** Opening Data block **
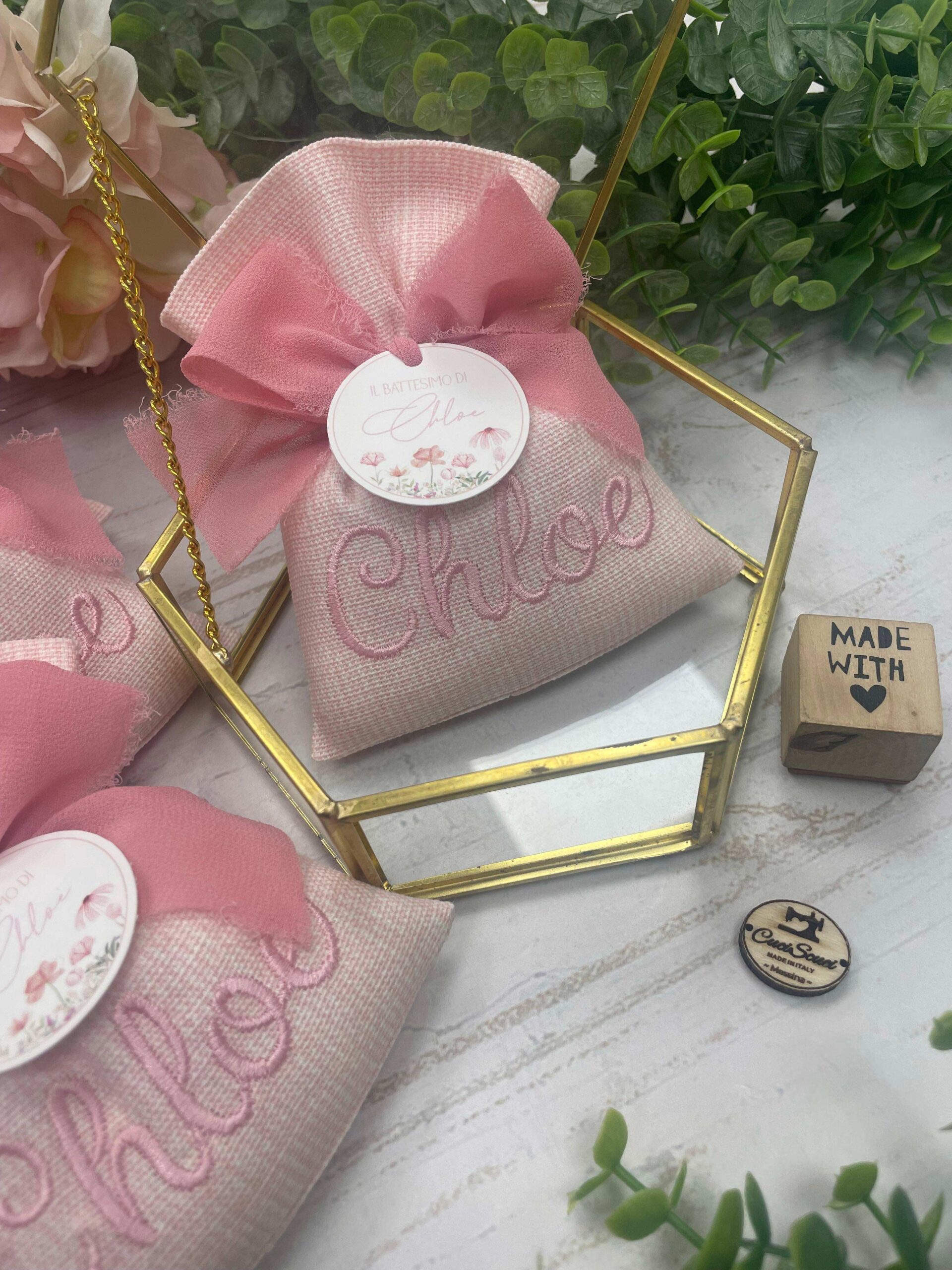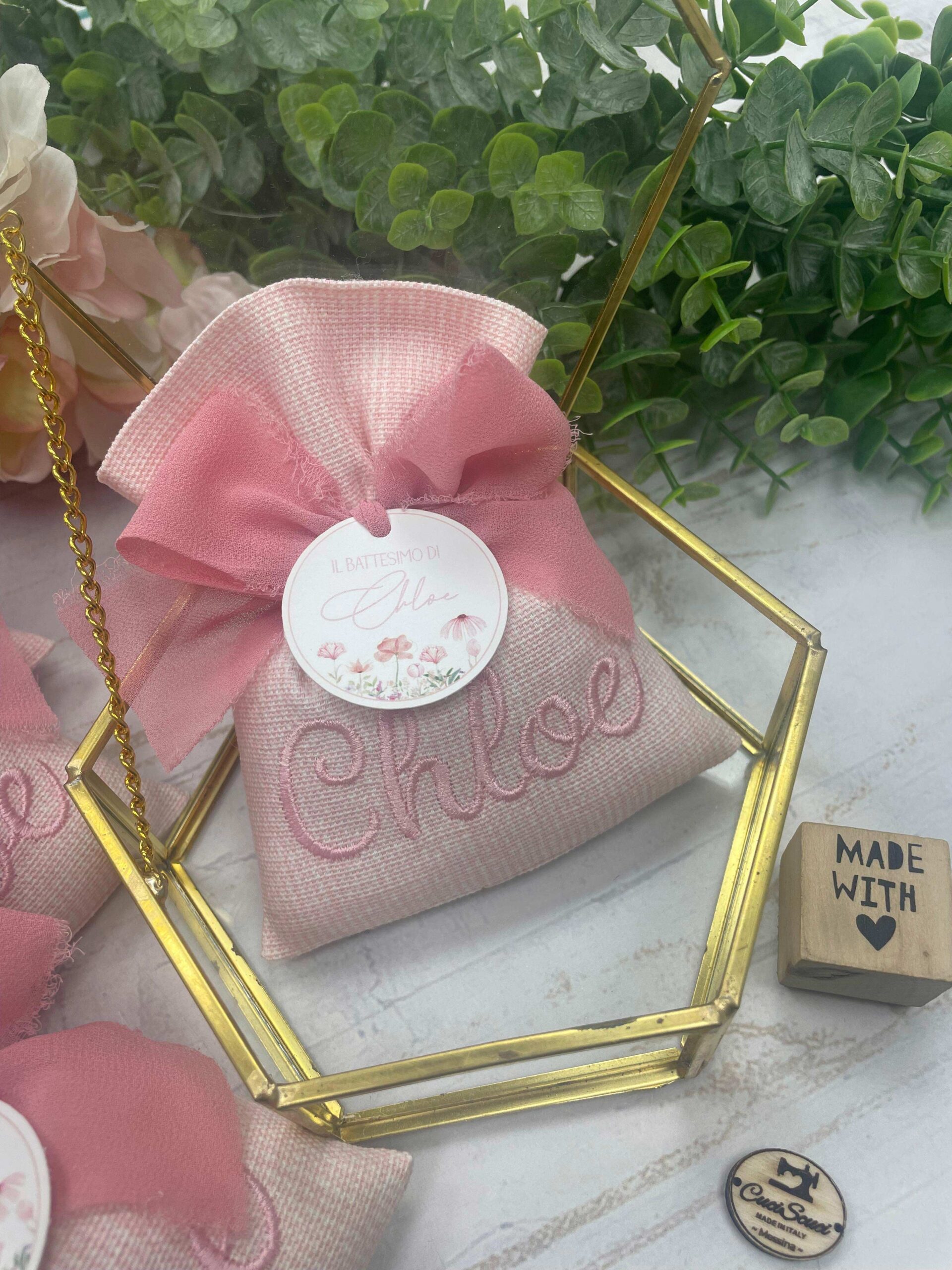 Recensisci per primo “Sacchetto Sartoriale Rosa con Ricamo Iniziale”
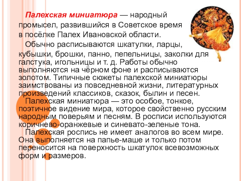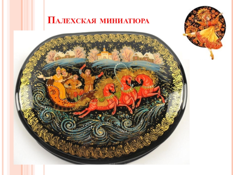 Палехская миниатюра — это особое, тонкое, поэтичное видение мира, которое свойственно русским народным поверьям и песням. В росписи используются коричнево-оранжевые и синевато-зеленые тона.
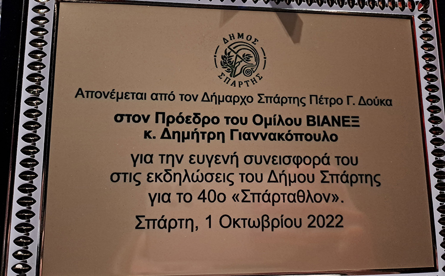Στο πλαίσιο αυτό, ο Δήμαρχος Σπάρτης κ. Πέτρος Δούκας απένειμε τιμητική πλακέτα στον κ. Δημήτρη Π. Γιαννακόπουλο, Πρόεδρο Δ.Σ. και Διευθύνοντα Σύμβουλο της ΒΙΑΝΕΞ, για την ευγενή συνεισφορά του στις εκδηλώσεις του Δήμου Σπάρτης για το 40ο ΣΠΑΡΤΑΘΛΟΝ. Την πλακέτα παρέλαβε εκ μέρους του η Διευθύντρια Εταιρικής Κοινωνικής Ευθύνης, κ. Όλγα Τριανταφύλλου.
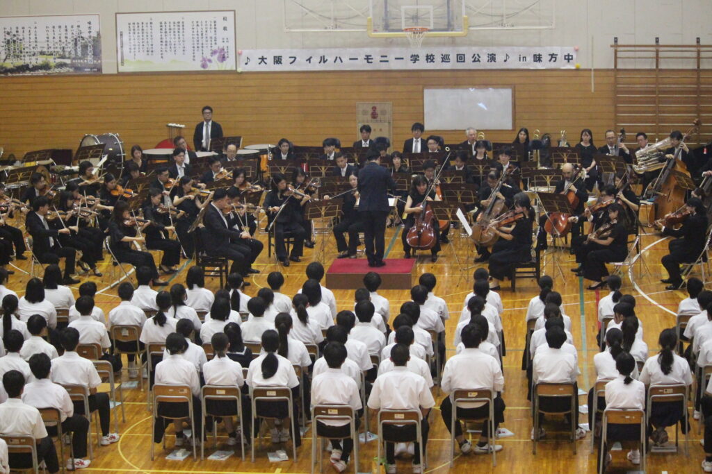 大阪フィルハーモニー管弦楽団の皆さんが、文化庁の学校巡回公演で来校され(演奏、運営で、総勢80名!)、演奏を聴かせてくださいました。
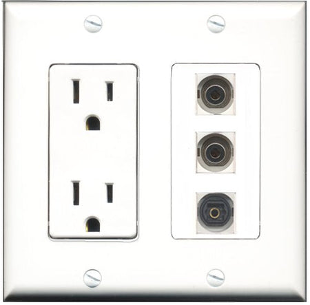 RiteAV - 15 Amp Power Outlet 1 Port Toslink 2 Port 3.5mm Decorative Wall Plate
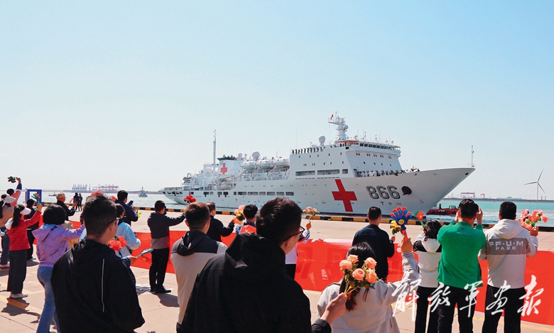 4月25日,天津國(guó)際郵輪母港碼頭,海軍“和平方舟”號(hào)醫(yī)院船圓滿結(jié)束“回家之旅”,官兵與前來送別的群眾揮手告別。(攝影/史 冰)
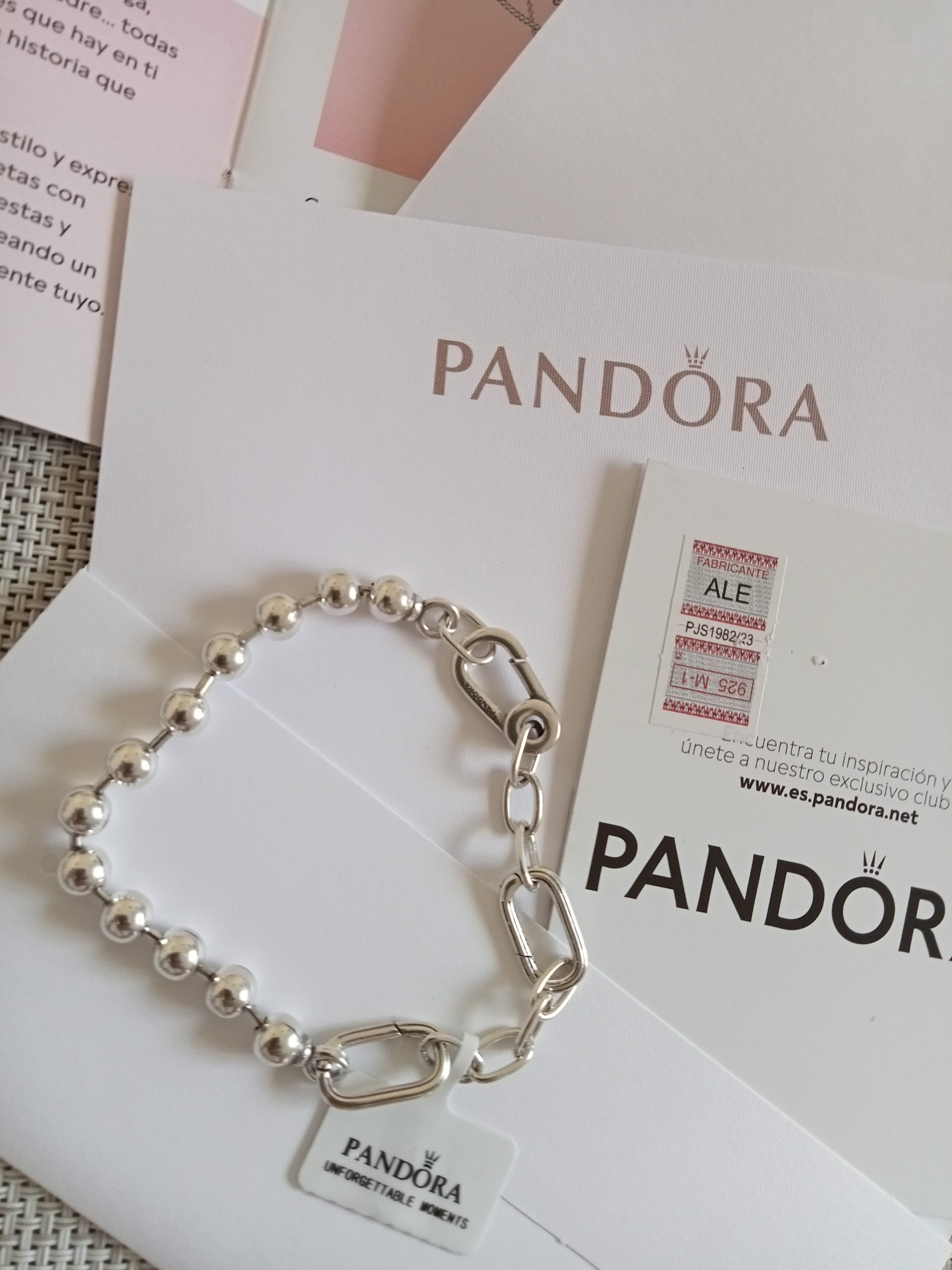 Pulsera de Eslabones Link y Cuentas Metálicas Pandora  S925 Ale ME 💗
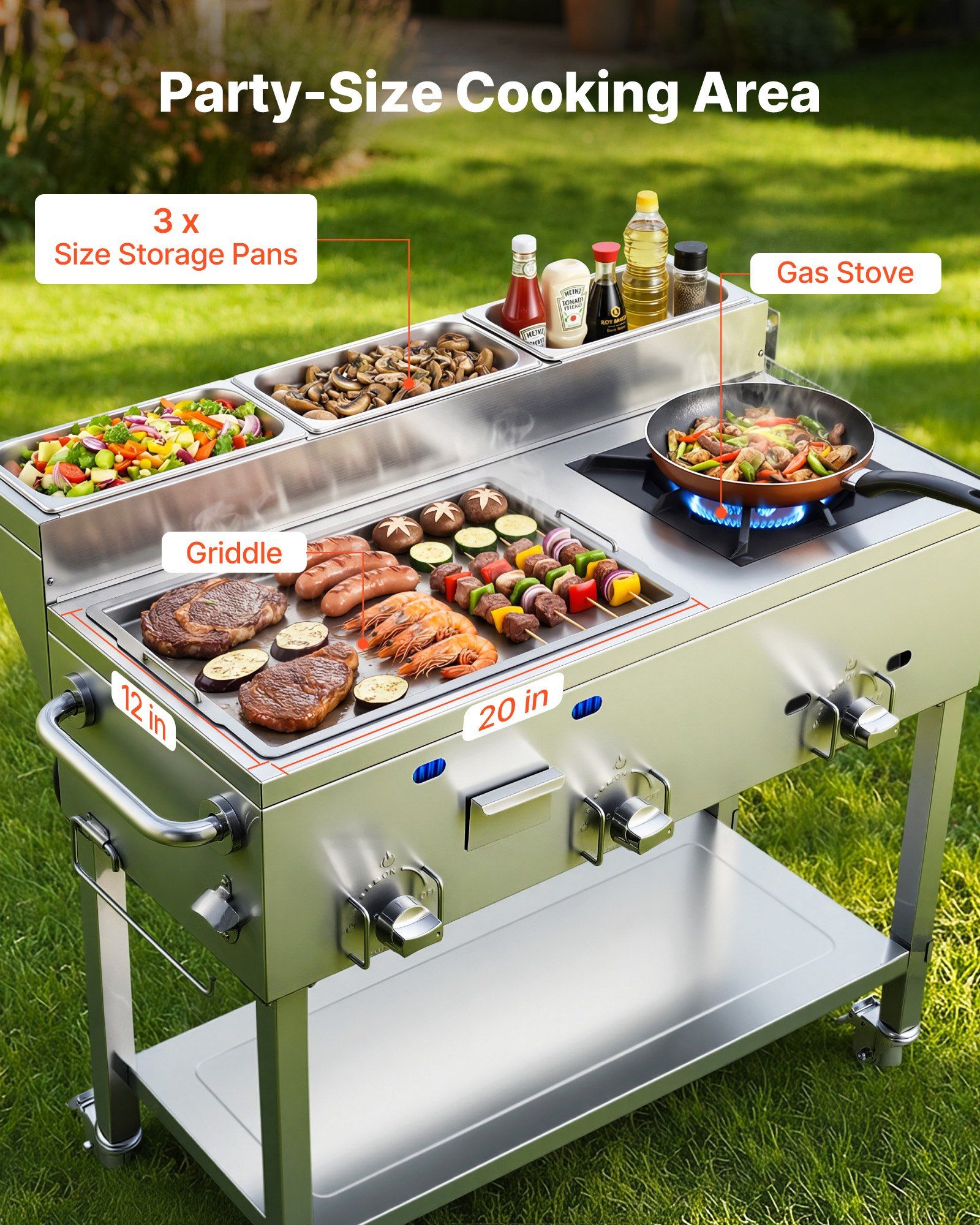 2.Fast & Even Heating: Equipped with 3 burners with separate controls, it delivers up to 34,800 BTU for quick, consistent cooking every time
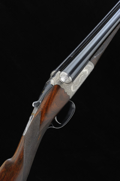 WESTLEY RICHARDS A 12-BORE SINGLE TRIGGER HAND-DETACHABLE BOXLOCK EJECTOR GUN, NO. 16238 28-inch replacement barrels by the maker, with 2 1/2-inch chambers, about 1/2 and 3/4 choke borings, doll's head extension, the scroll back frame and patent top lever with fine scroll engraving, the maker's name signed within a banner, top lever engraved in gold, removable action base plate revealing the hand detachable lock, selective single trigger, 14-inch figured stock, 6lb. 10oz., nitro proof, single trigger and ejectors require regulation, in its maker's brassbound oak and leather double gun case S2 The maker confirms that the gun was built circa 1903. |
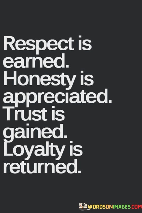 In this quote, the importance of three fundamental virtues - respect, honesty, and trust - is beautifully encapsulated. Respect, the first pillar, is not automatically granted but must be earned through one's actions and demeanor. It highlights the idea that treating others with respect is a precursor to receiving it in return.
** Closing Data block **
:: Your instructions ::
A word-for-word reproduction is needed of the lines above from the line containing "大阪フィルハーモニー管弦楽団" through the line containing "2.Fast & Even", with both ends kept and no pictures.

:: Finished exercise ::
 大阪フィルハーモニー管弦楽団の皆さんが、文化庁の学校巡回公演で来校され(演奏、運営で、総勢80名!)、演奏を聴かせてくださいました。
 RiteAV - 15 Amp Power Outlet 1 Port Toslink 2 Port 3.5mm Decorative Wall Plate
 4月25日,天津國(guó)際郵輪母港碼頭,海軍“和平方舟”號(hào)醫(yī)院船圓滿結(jié)束“回家之旅”,官兵與前來送別的群眾揮手告別。(攝影/史 冰)
 Pulsera de Eslabones Link y Cuentas Metálicas Pandora  S925 Ale ME 💗
 2.Fast & Even Heating: Equipped with 3 burners with separate controls, it delivers up to 34,800 BTU for quick, consistent cooking every time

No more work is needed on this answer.